Emergency workers are battling to prevent highly irradiated water from the Fukushima plant flowing into the sea, in the latest development at the site following the earthquake and tsunami on March 11. Plutonium, believed to be from one of the damaged reactors, has been found in nearby soil, although Tepco insists this does not pose a threat to human health.

Concern about nationalisation had already sent Tepco’s shares tumbling to close at Y566 on Tuesday. On Wednesday they fell again to Y466, their lowest in almost five decades.

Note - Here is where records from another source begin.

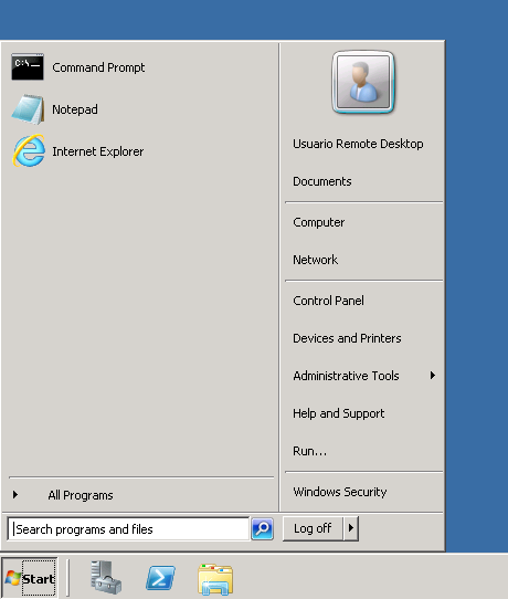 Comprobaremos que se ha creado un nuevo perfil para el usuario en nuestro servidor de escritorio remoto. El usuario final tendrá acceso a los servicios que le hayamos permitido utilizar en el servidor.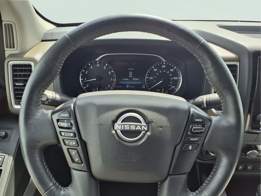 This Frontier SV is equipped with an impressive array of features designed to enhance your driving experience. The SV Comfort & Convenience Package includes a remote engine starter, heated steering wheel, and dual-zone automatic climate control, ensuring your comfort no matter the weather. The Technology Package takes safety to the next level with advanced driver assistance features like Blind Spot Warning, Rear Automatic Braking, and Lane Departure Warning.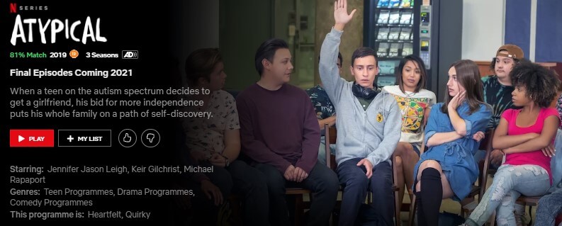 Fecha de lanzamiento que se muestra en la página de Netflix para Atypical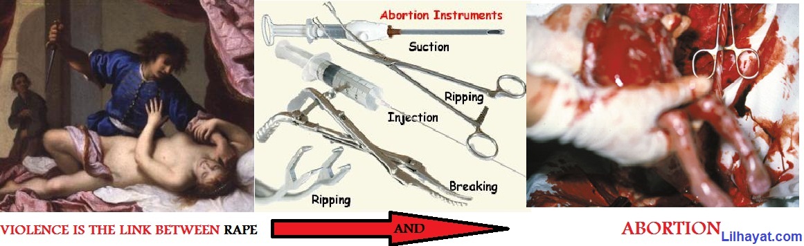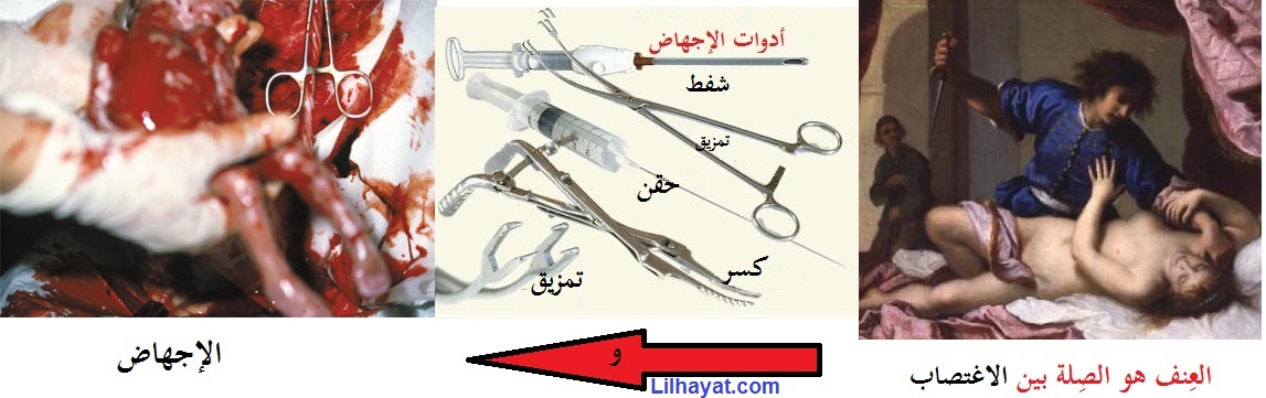 والعنف، وبالإجهاض المجهض يفتح رحم الأم بالقوت والعنف يمزق أحشاء الأم

Yukio Edano, chief cabinet secretary, denied that talks on the company’s future had begun. Naoto Kan, prime minister, insisted that the country would handle the nuclear crisis “with the greatest urgency”.

Trace levels of the radioactive chemical iodine-131 have spread and were detected in the UK on Tuesday, but the concentration was extremely low, according to health authorities, and was not a health risk.

The UK Health Protection Agency said that trace levels of the radioactive chemical iodine-131 had been detected by measurements taken at a monitoring station in Oxfordshire on Tuesday.

The measurements followed reports of iodine at monitoring stations in Glasgow and Oxfordshire.

Dr James Gemmill, the Scottish Environment Protection Agency’s radioactive substances manager, said: “The concentration of iodine detected is extremely low and is not of concern for the public or the environment.”

Tadashi Maeda, a special adviser to the cabinet, said the priority was to stabilise the situation at Fukushima Daiichi, deal with power shortages and decide compensation for individuals and businesses affected by the crisis.

“Obviously, [the government] will consider many factors, but there is nobody who is currently thinking specifically, in an official capacity, about what to do [with Tepco],” Mr Maeda said.

Tepco’s fate is likely to rest in part on how responsible the utility is judged to be for the problems at the Fukushima Daiichi plant.

The tsunami that took out the plant’s back-up cooling system was far bigger than the plant was designed to withstand. But the company and its regulators had been repeatedly warned in recent years that the area could be vulnerable to tsunamis bigger than it had factored into its assumptions.

Mr Kan highlighted the deficiency of the assumptions on which the plant’s design was based.

“There is no point denying that the recognition of tsunamis at the time was very mistaken,” Mr Kan told a session of the diet.

Meanwhile, French President Nicolas Sarkozy has announced plans to visit Japan on Thursday, to express France’s solidarity both “nationally and in its capacity as head of the G8 and G20 with the Japanese people”. During the visit Mr Sarkozy will meet Mr Kan.

Areva, the French nuclear group, also confirmed that it had sent two engineers who specialised in the treatment of effluent water at the request of Tepco, although it could not confirm whether they would go on-site at the Fukushima plant.

President Barack Obama would outline a plan for “America’s energy security” in a speech on Wednesday, the White House said.